- Born: 13 September 1923 Plzeň, Czechoslovakia
- Died: 14 July 1998 (aged 74) Prague, Czech Republic
- Education: Czechoslovak Academy of Sciences
- Occupations: poet, immunologist
- Writing career
- Language: Czech
- Years active: 1958–96

= Miroslav Holub =

Czech poet

Miroslav Holub (/cs/; 13 September 1923 – 14 July 1998) was a Czech poet and immunologist.

Holub's work was heavily influenced by his experiences as an immunologist, writing many poems using his scientific knowledge to poetic effect. His work is almost always unrhymed, so lends itself easily to translation. It has been translated into more than 30 languages and is especially popular in the English-speaking world. Although one of the most internationally well-known Czech poets, his reputation continues to languish at home.

Holub was born in Plzeň. His first book in Czech was Denní služba (1958), which abandoned the somewhat Stalinist bent of poems earlier in the decade (published in magazines).

In English, he was first published in the Observer in 1962, and five years later a Selected Poems appeared in the Penguin Modern European Poets imprint, with an introduction by Al Alvarez and translations by Ian Milner and George Theiner. Holub's work was lauded by many, including Ted Hughes and Seamus Heaney (eg there are five poems by Holub in their 1982 anthology The Rattle Bag), and his influence is visible in Hughes' collection Crow (1970).

In addition to poetry, Holub wrote many short essays on various aspects of science, particularly biology and medicine (specifically immunology) and life. A collection of these, titled The Dimension of the Present Moment, is still in print. In the 1960s, he published two books of what he called 'semi-reportage' about extended visits to the United States.

Under the fictitious name "Jaromil," Holub figures prominently in Patricia Hampl's memoir of her Czech heritage, A Romantic Education, first published in 1981 and reissued in 1999 with an Afterword revealing his real name.

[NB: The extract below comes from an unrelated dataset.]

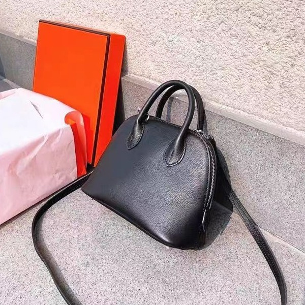 半手缝全皮贝壳包女mini保龄球包真皮钢五金女包手拎单肩斜挎包潮

The minor planet 7496 Miroslavholub, an outer main belt asteroid, is named in his honour.

==Works in translation==
- Vanishing Lung Syndrome, trans. David Young and Dana Habova (Oberlin College Press, 1990). ISBN 0-932440-52-5; (Faber and Faber, 1990). ISBN 0-571-14339-3
- Intensive Care: Selected and New Poems, ed. David Young (Oberlin College Press, 1996). ISBN 0-932440-76-2
- The Rampage, trans. David Young, Dana Hábová, Rebekah Bloyd and the author (Faber and Faber 1997) ISBN 0-571-19253-X
- Poems Before and After: Collected English Translations (Bloodaxe Books; 2nd ed. 2006). ISBN 1-85224-747-9
- Shedding Life: Disease, Politics and Other Human Conditions trans. David Young, with assistance from Dana Habova, Todd Morath, Vera Orac, Catarina Vocadlova, and the author (Milkweed Editions, 1997). ISBN 1-57131-217-X
- Supposed to Fly trans. Ewald Osers (Bloodaxe Books; 1996). ISBN 1 85224 274 4
- The Fly trans. Ewald Osers, George Theiner, Ian & Jarmila Milner (Bloodaxe Books; 1987). ISBN 1 85224 018 0
- The Vintage Book of Contemporary World Poetry, edited by J. D. McClatchy, Vintage Books, 1996. ISBN 0-679-74115-1, 9780679741152.